This study conducted subgroup analyses by albumin levels to examine clinical outcomes in patients with hypoalbuminemia, who were divided into the following subgroups: 0–1, 1–2, 2–3, and 3–3.5 g/dL. The analyses revealed increased HRs with increased albumin levels. In addition, the analyses revealed that patients with albumin levels of 3.0–3.5 g/dL exhibited the highest HR, followed by those with albumin levels of 2.0–3.0 and 1.0–2.0 g/dL. By contrast, mortality was not increased in patients with severe hypoalbuminemia, as indicated by albumin levels of 0.0–1.0 g/dL. These results suggest that albumin supplementation is associated with increased mortality risk in patients with higher albumin levels; however, albumin supplementation has no significant impact on patients with severe hypoalbuminemia. This trend was consistent with the findings for shock, pulmonary edema, and heart failure in this study. That is, under albumin supplementation, patients with higher albumin levels tended to exhibit higher risks of mortality, shock, heart failure, and pulmonary edema, whereas albumin supplementation did not exert any significant influence on patients with severe hypoalbuminemia (0.0–1.0 g/dL). Thus, caution should be exercised in administering albumin in patients with varying albumin levels at baseline. The observed association between albumin administration and increased adverse outcomes may be influenced by several factors. First, patients with hypoalbuminemia are more susceptible to fluid overload from albumin infusion, which may exacerbate pulmonary or cardiovascular complications. Second, our dataset lacks direct indicators of disease severity, which limits our ability to fully adjust for baseline illness acuity and introduces the possibility of residual confounding. Third, the timing of albumin administration was not captured in the database. These could lead to treatment bias and affect outcomes differently across clinical contexts. These factors collectively underscore the complexity of interpreting outcomes associated with albumin use and highlight the need for prospective studies with more granular clinical data.
A meta-analysis on the albumin intervention for hypoalbuminemia in patients with acute illness demonstrated a survival benefit in the albumin group when the albumin levels exceeded 3 g/dL [19]. This benefit may be attributable to several factors associated with higher albumin levels, including a lower incidence of pneumonia [36] and greater relief from hypotension [37].
Given the inconsistency with some previous studies, our findings demonstrate the need for future large-scale randomized controlled trials to confirm these results and clarify the clinical role of albumin supplementation in this patient population. Further investigation is warranted into the mechanisms underlying the higher mortality risk associated with higher albumin levels in our study.

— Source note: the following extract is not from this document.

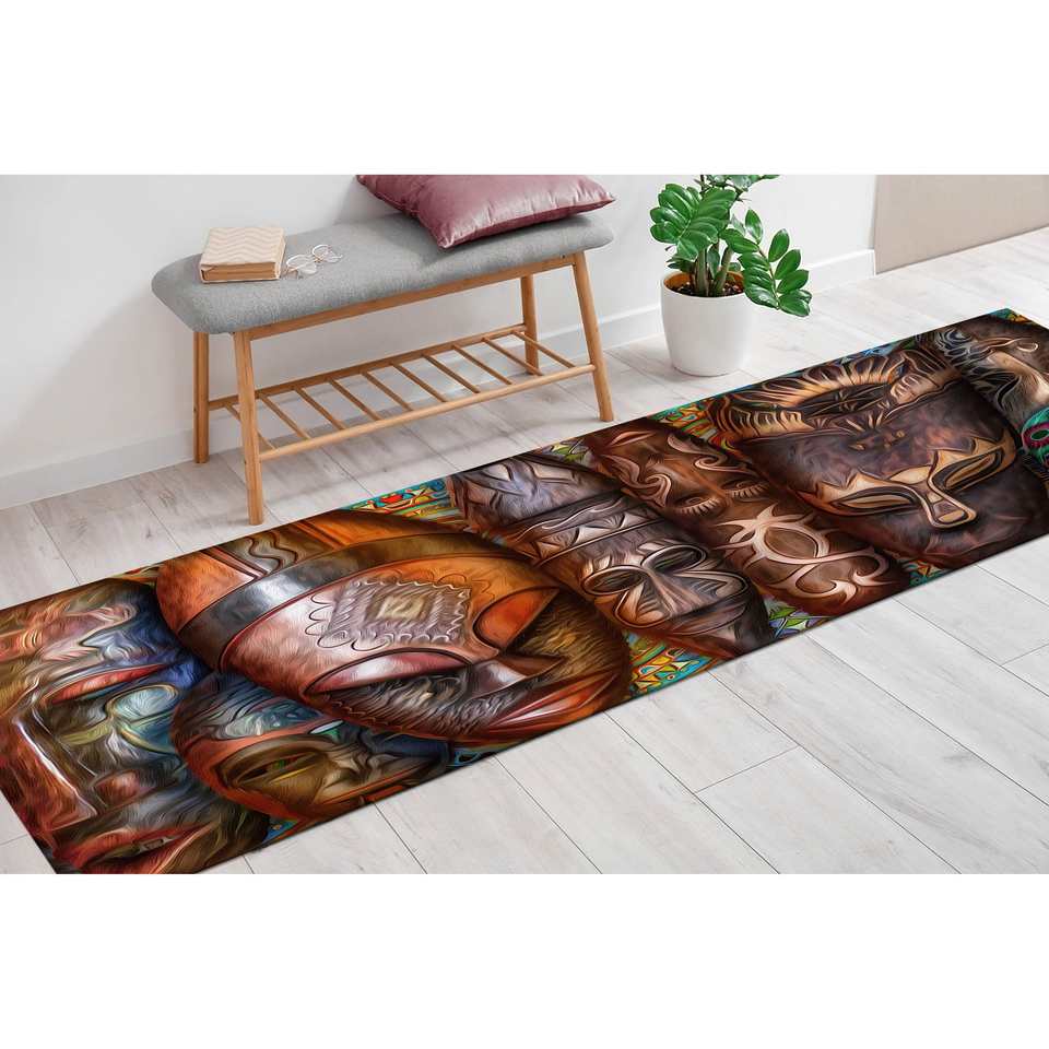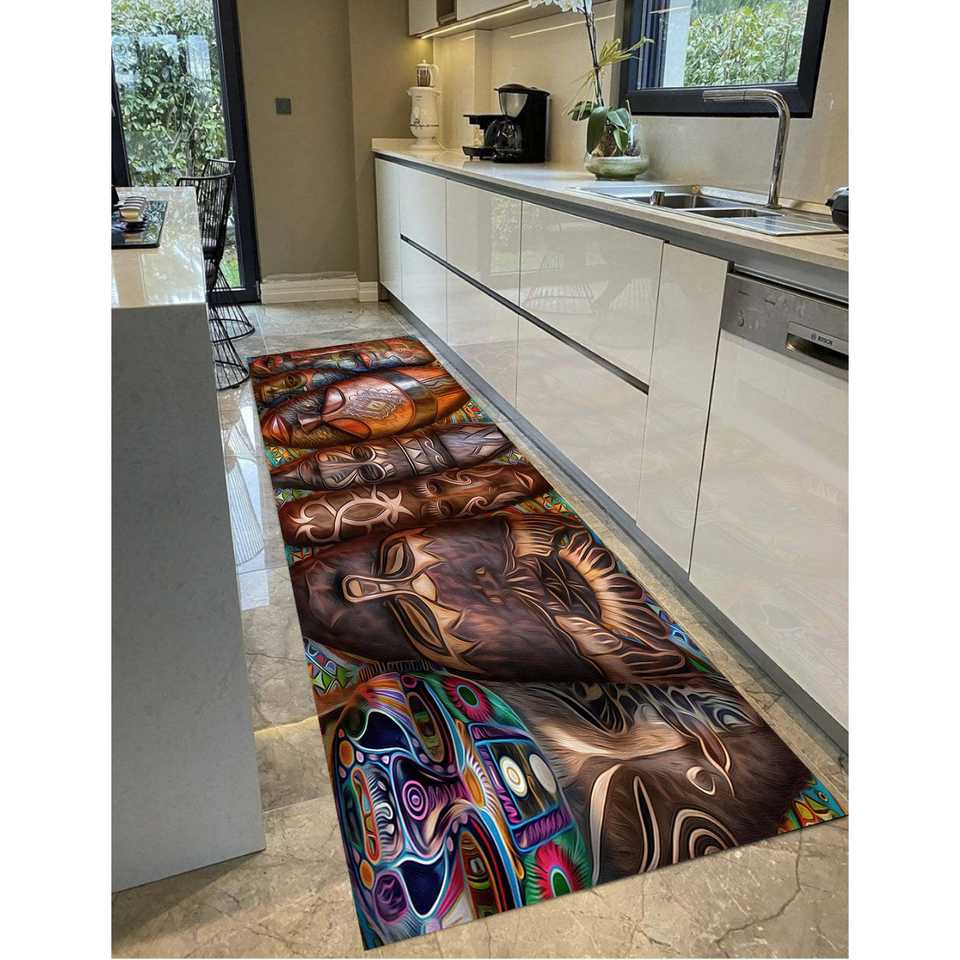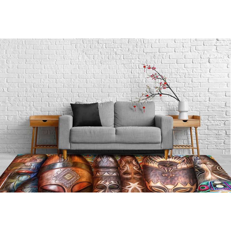 Tapis imprimé : motif de masque africain pour la décoration moderne de la maison, tapis doux non tissé

5. Limitation and Strength

First, we were unable to access individual-level data or obtain the precise number of patients at risk at each time point from the TriNetX database. Such information cannot be obtained—primarily because of concerns related to patient privacy and adherence to data-sharing regulations—and users are provided with survival estimates at fixed intervals (e.g., at 7, 14, or 21 days) instead of estimates for every event time. Therefore, creating a precise “at-risk” table was unfeasible in this study; doing so would require knowledge of the number of participants under observation at each time point. This limitation may hinder detailed time-to-event analyses and should be considered in interpreting the current findings. Second, we excluded patients with any form of shock, which limits the generalizability of the results to non-critically septic patients. Third, our retrospective cohort study design may introduce various biases, including selection bias and bias related to unmeasured confounders. Although we employed PSM to minimize disparities in baseline variables between the groups, all residual confounders could not be eliminated. Patients who received albumin therapy may have been more severely ill at baseline. As such, albumin use could be a marker of illness severity rather than a direct cause of increased mortality. Therefore, attributing mortality solely to albumin administration remains uncertain. Fourth, in this large-scale cohort, comorbidities were included at a broad disease category. This approach was chosen to enhance confounding control given the study’s scale. However, we acknowledge that such broad classifications may encompass heterogeneous clinical entities, which limits the granularity of interpretation and may reduce clinical specificity in the matched analysis. Additionally, we did not consider several potentially crucial factors—such as patient performance status and treatment adherence—which may affect clinical outcomes. Last, the dosage and timing of albumin administration may significantly influence clinical outcomes. However, within the TriNetX database, we were only able to identify whether patients had received albumin supplementation, without access to the exact timing or dosage of administration.
Despite these limitations, this study has several strengths. By using the global TriNetX network, which integrates de-identified data from multiple healthcare systems, we accessed extensive, longitudinal data on patient diagnoses, treatments, laboratory information, and clinical outcomes. The use of this vast data infrastructure not only enabled reliable time-to-event analyses but also enhanced the external validity of our conclusions. Furthermore, our comprehensive subgroup analyses by different albumin levels and the analyses of the effects of albumin infusion at each albumin level indicated favorable prognoses in patients who did not receive albumin infusion. These nuanced findings have vital clinical implications. That is, refraining from albumin infusion may result in more favorable outcomes in patients with various albumin levels.

6. Conclusions

In patients with sepsis and hypoalbuminemia, the risks of 30-day mortality, shock, heart failure, and pulmonary edema were significantly higher than those of the control group. These findings suggest that routine albumin administration was associated with clinically unfavorable outcomes and should be used with caution, particularly in patients with higher baseline albumin levels. These findings conflict with some prior evidence, and further large-scale randomized controlled studies are needed to validate our findings.

Supplementary Materials

The following supporting information can be downloaded at: https://www.mdpi.com/article/10.3390/jcm14134790/s1, Supplementary Material S1: Compare Outcomes Analysis.

Author Contributions

Conceptualization, S.-S.L. and W.-P.C.; methodology, J.-F.L. and Y.-C.C.; software, P.-S.H.; validation, W.-P.C., S.-S.L., and Y.-C.C.; formal analysis, Y.-C.C.; investigation, H.-Y.L.; resources, P.-S.H.; data curation, H.-Y.L.; writing—original draft preparation, H.-Y.L.; writing—review and editing, S.-S.L. and W.-P.C.; visualization, J.-F.L.; supervision, S.-S.L.; project administration, S.-S.L.; funding acquisition, W.-P.C. All authors have read and agreed to the published version of the manuscript.

Funding

This research received no external funding.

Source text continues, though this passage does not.